Жили и дальше лесные поселения не спеша, от властей не бежали, хлеб от продотрядов не таили, да и что было делать продотряду в лесу, какой здесь был хлеб по сиротским пожням. А если что другое: масло, рыба, меха — так это всегда сами на люди вывозили — сами по ярмаркам не торговали, брали за товар что дадут на месте — и то ладно.
Не прибирали по лесу и кулаков: какой там в лесу кулак, когда на всю деревушку, на два десятка домов, набиралось всех лесных выкосов и пожень на сегодняшнюю меру гектаров восемьдесят, а сто — так и много. А то, что Лесные Дачи, строевой лес, поотбирали у своих купцов да английских господ, так это добро — свой он лес, наш, а не пришлый. То-то и лез сюда интервент, боялся елку с сосной потерять.
Возможно, так бы и дальше доживал свой век лесной Север, не очень смело выходя к проезжим дорогам, если бы не большая беда… Отняла она, беда-война, самых наилучших мужиков, отняла и не вернула совсем. Худое бабье сиротство пришло в лес. И трудно было сразу помочь большой беде, трудно поднять на ноги новых мужиков. Так и были дальше без света и большой радости лесные деревушки, все еще хранившие память о прежних временах.

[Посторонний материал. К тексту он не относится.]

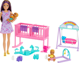 It's double the fun and cuteness with this Barbie twinning nursery playset! Skipper -the teenage sister of Barbie -has two of everything to babysit the twin dolls, both wearing removable diapers. There's a crib for two that really rocks, a rainbow swing with a seat for the twins, a bouncing baby see-saw, and a play arch that can fit on the crib or used on the ground. With additional accessories like bottles, blankets, bibs, toy trains, and teddy bears, Skipper has everything she needs to take care of the adorable twins! Doll cannot stand alone. Colors and decorations may vary.

Любил я эти тихие лесные поселения и в горе, и в праздники и была у меня к ним своя собственная любовь, любовь тайная, не высказанная вслух, боялся я открывать свою тайну, когда лесные деревушки метались, мучались, не зная, что делать: остаться ли в лесу, или оставить лес и выйти навсегда к дороге, в поселок… И часто уже потом, завидя сверху, из самолета, светлые пятнышки недавних пашей среди тайги, полоску лесного озера и с десяток игрушечных домиков у самой воды, сжималось у меня сердце, хотелось остановиться и сразу очутиться там, пройти по знакомой улице, посмотреть на знакомые окна и долго-долго пить легкую озерную воду. Но самолет летел дальше, и терялись среди тайги светлые пятнышки недавних пожней и выкосов…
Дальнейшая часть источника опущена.